Exercise instructions: Print the lines that start the entries and continue through the one holding "在进行完激动人心的知识竞猜环", please, exactly and with the pictures omitted.

[Collected data entries]
BEGIN

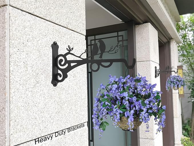 - 【Long Lasting Quality】Brackets for hanging baskets outdoor are made from solid iron with hand-coated black finish, waterproof and anti-rust.
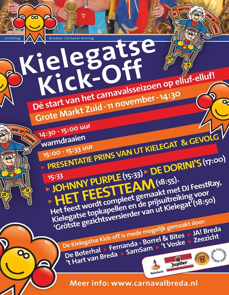 De start van het carnavalsseizoen beleef je natuurlijk op de Grote Markt. Warmdraaien vanaf 14.30 uur. Om 15.11 uur weten we wie de nieuwe Prins Carnaval van Kielegat is! Vanaf dan kan het echte feest natuurlijk losbarsten met Johnny Purple, De Dorini's, Het Feestteam en DJ FeestRay!
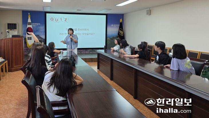 지난 26일 한라일보 3층 회의실에서 '2025 JDC와 함께하는 청소년캠프'의 첫 번째 프로그램인 1차시 수업이 열렸다. 올해 'JDC 청소년 캠프'는 제주 신화, 환경, 역사, 제주어 등 4가지 테마로 9월까지 총 4회 진행된다. 오은지기자
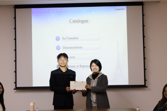 在进行完激动人心的知识竞猜环节后,综合员工互动,文化展示和趣味抢答三个活动的表现,经大家一致推选,本研一体化(石油类)2201班的李泽同同学当选为本次法语角擂主。此次活动不仅锻炼了同学们的法语听说能力,还调动了大家学习法语的兴趣与动力。在活动中大家与老师共同交流,一同进步,一起品味法式浪漫,领悟语言的魅力!
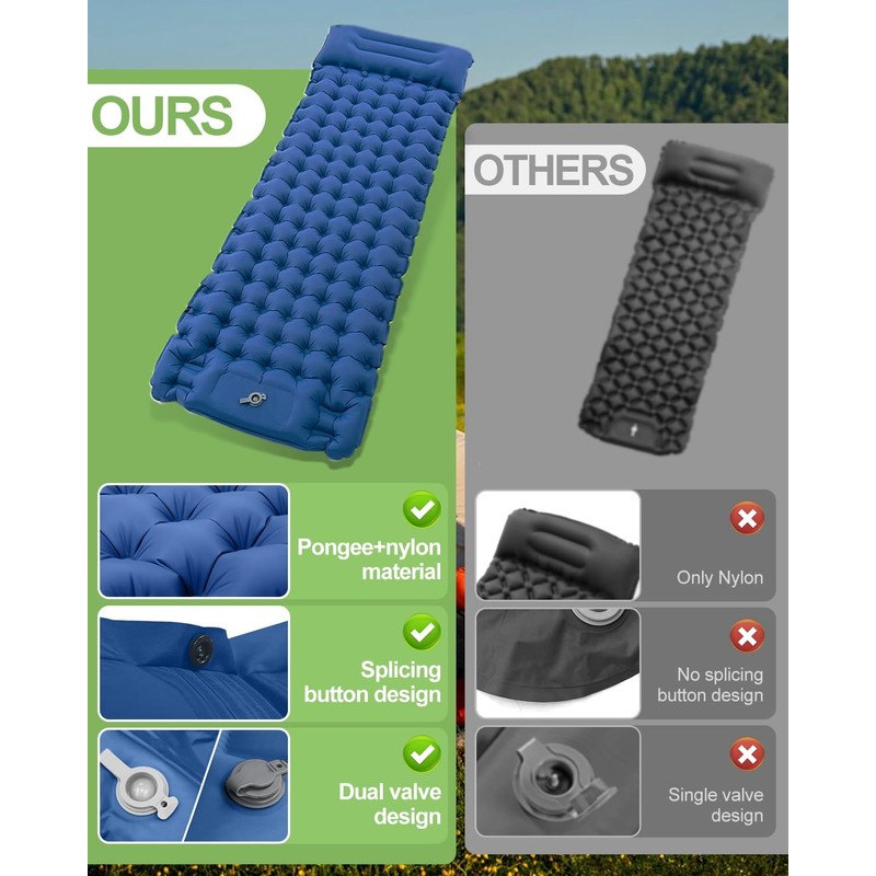 - Thick & Wide Upgraded Camping Mat - Introducing our premium sleeping mats camping, the inflatable camping mattress that stands out with its enhanced thickness and width. Meticulously designed using ergonomic principles, this camping sleeping mat ensures a night of comfort by keeping you well-elevated from cold ground and uneven surfaces. The increased width provides ample space for a truly restful camping experience.
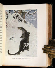 The book Rare First UK illustrated Bransom edition of The Wind in the Willows -- a children's book by Scottish novelist Kenneth Grahame, first published in 1908. Alternatingly slow-moving and fast-paced, it focuses on four anthropomorphized animals: Mole, Rat (a European water vole), Toad, and Badger. They live in a pastoral version of Edwardian England. In 1908 Grahame retired from his position as secretary of the Bank of England. He moved back to Berkshire, where he had lived as a child, and spent his time by the River Thames, doing much as the animal characters in his book do – to quote, "simply messing about in boats" – and expanding the bedtime stories he had earlier told his son Alastair into a manuscript for the book.
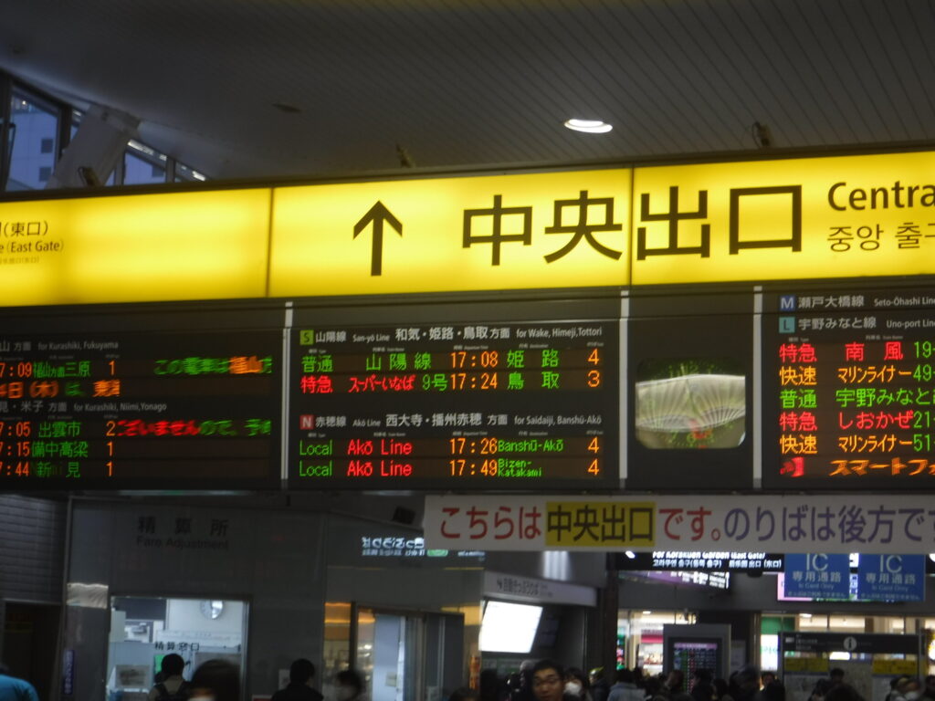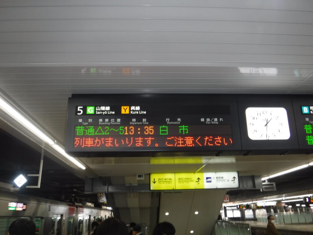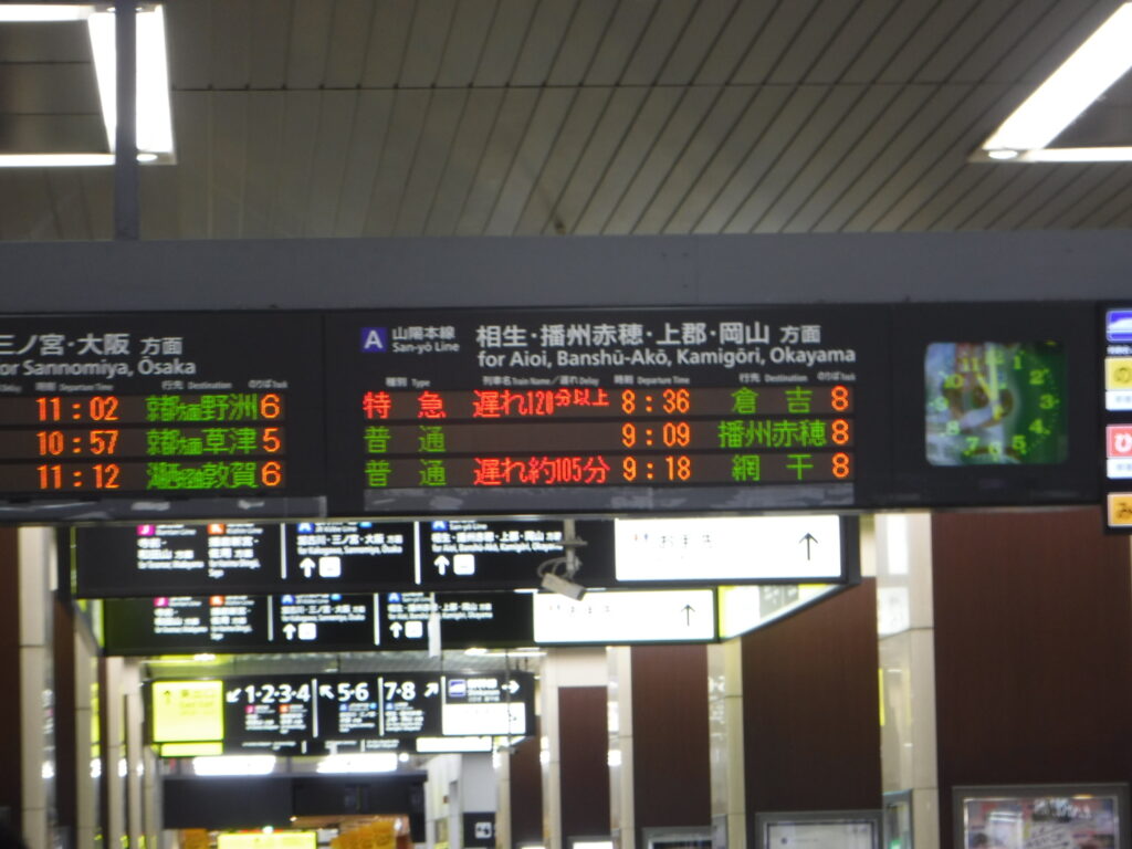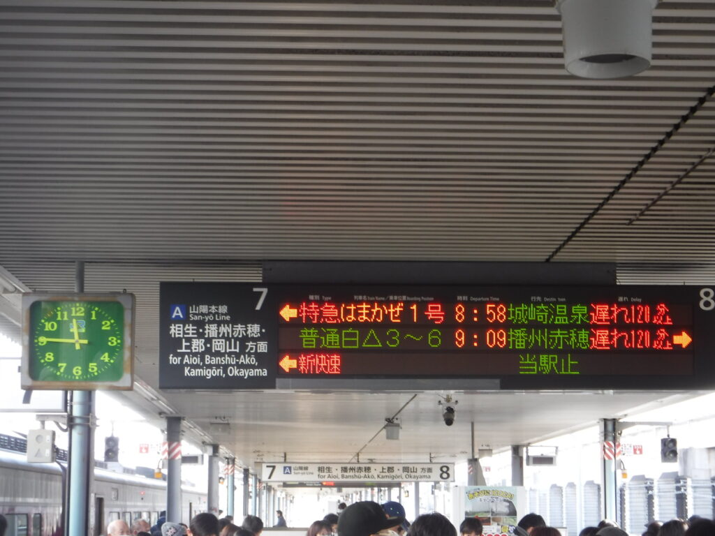 徐々に、山陰方面に向かう特急(スーパーはくと等)が再開していき、11:50ごろ、遅れ120分以上となった09:09発の播州赤穂行きに乗車(※姫路からは全て山陽本線)。電光掲示板の遅れ表示が地獄。

END

Your solution:
 - 【Long Lasting Quality】Brackets for hanging baskets outdoor are made from solid iron with hand-coated black finish, waterproof and anti-rust.
 De start van het carnavalsseizoen beleef je natuurlijk op de Grote Markt. Warmdraaien vanaf 14.30 uur. Om 15.11 uur weten we wie de nieuwe Prins Carnaval van Kielegat is! Vanaf dan kan het echte feest natuurlijk losbarsten met Johnny Purple, De Dorini's, Het Feestteam en DJ FeestRay!
 지난 26일 한라일보 3층 회의실에서 '2025 JDC와 함께하는 청소년캠프'의 첫 번째 프로그램인 1차시 수업이 열렸다. 올해 'JDC 청소년 캠프'는 제주 신화, 환경, 역사, 제주어 등 4가지 테마로 9월까지 총 4회 진행된다. 오은지기자
 在进行完激动人心的知识竞猜环节后,综合员工互动,文化展示和趣味抢答三个活动的表现,经大家一致推选,本研一体化(石油类)2201班的李泽同同学当选为本次法语角擂主。此次活动不仅锻炼了同学们的法语听说能力,还调动了大家学习法语的兴趣与动力。在活动中大家与老师共同交流,一同进步,一起品味法式浪漫,领悟语言的魅力!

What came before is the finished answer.